The one child policy created other population effects that now make the downward trend more intractable: if families could only have one child, it was important that it be a boy, since girls married out and provided no support in later years. The resulting imbalance, which the WHO estimated at 50m “missing” girls, has now translated into a steep drop in the numbers of women of childbearing age.
Finally there are the more subtle effects of development and demography. China’s urban millennials, overwhelmingly only children, grew up as the centre of family attention in a booming China. They are accustomed to career and life choices unimaginable to their parents and grandparents. Rural children have a different set of problems—alienated from their parents and poorly educated, their life prospects remain poor. Neither group was socialised in traditional family structures and they are unlikely to replicate them.
Family ties remain culturally important, but today they are so severely tested that stories circulate of cruelty and neglect, forcing the government to mandate regular visits to elderly parents by adult children, on pain of sanctions under an Elderly Rights Law, passed in 2013. It was widely ridiculed on social media, as today’s efforts to encourage fertility have been.

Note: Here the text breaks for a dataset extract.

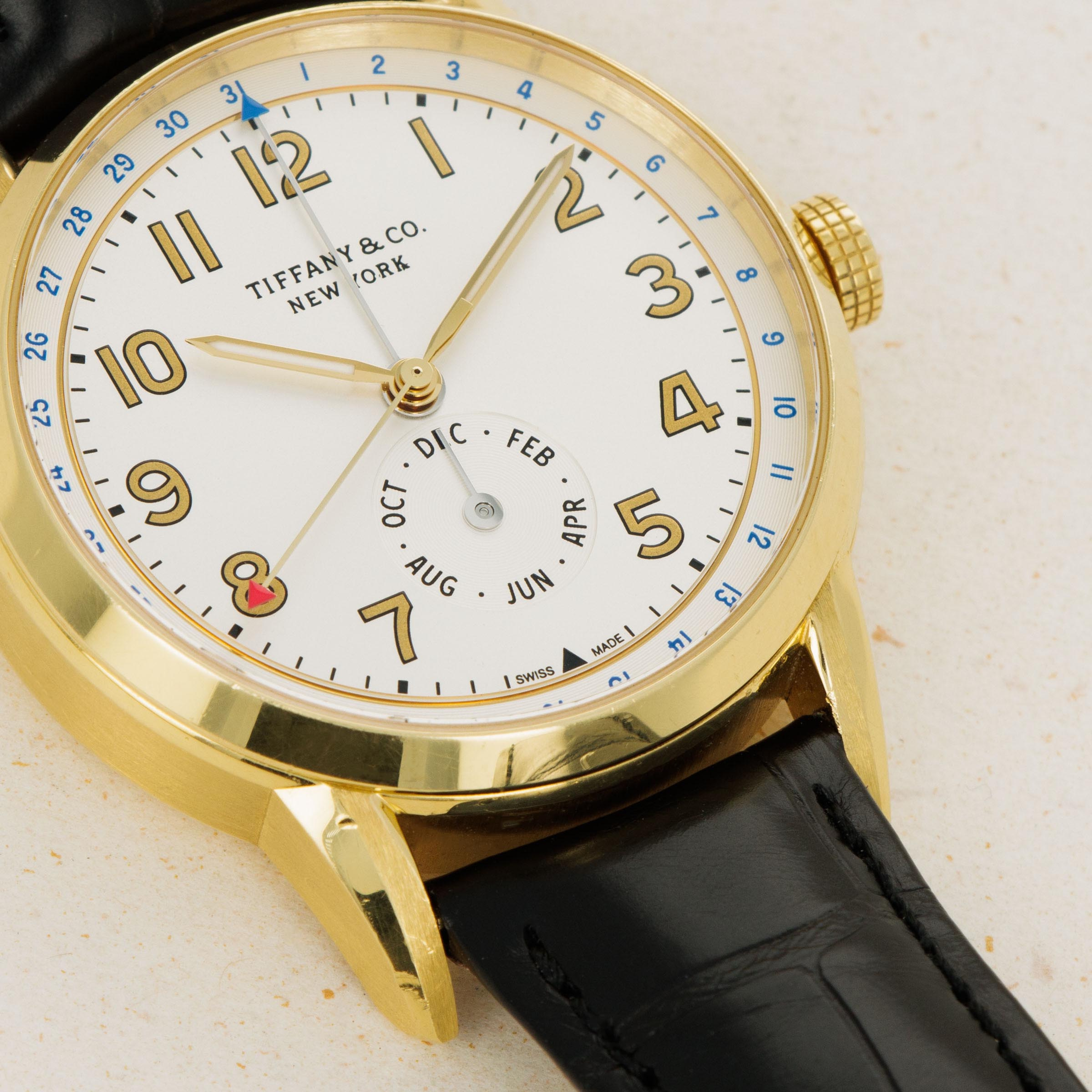 While Tiffany & Co. might be best known for their stunning jewellery, co-signed dials and historic prowess as a powerhouse of design, Tiffany & Co. also have a rich history in watchmaking too with several important patents to their name that go back over 100 years such as the patent for the first luminous-painted numerals on a watch dial in 1903 amongst other things, like Charles Tiffany opening one of the largest watchmaking facilities in Geneva in 1874. With an esteemed heritage for watchmaking, the brand decided to revisit their roots by opening a factory in 2013 in southern Switzerland. Two years later in 2015, they launched the CT60 collection with a heritage-inspired aesthetic. As part of that collection, the model we have here is the month and date calendar limited edition variant that features a silver dial with a pointer date function and a pointer month subdial at 6 o’clock. Inspired by FDR's personal Tiffany timepiece, the watch measure 40mm in width and cased in 18k YG. Powered by a nicely finished caliber from Dubois Depraz, their cal. 5933, the CT60 blends Tiffany’s horological heritage with their strengths as a modern icon of jewellery to create something truly unique and distinctively “Tiffany.”

If China’s planners want a glimpse of the future, they can find it in neighbouring Japan, which entered its own ageing crisis in the 1990s. In both societies, the demography had favoured the years of rapid industrialisation and growth, but Japan’s growth languished as its population aged and began to shrink. China has reached the famously perilous middle income status, and like Japan, is burdened with debt and poor demographics. The prospects of a long stagnation explain the Party’s new enthusiasm for the stork, but so far, people are still not listening.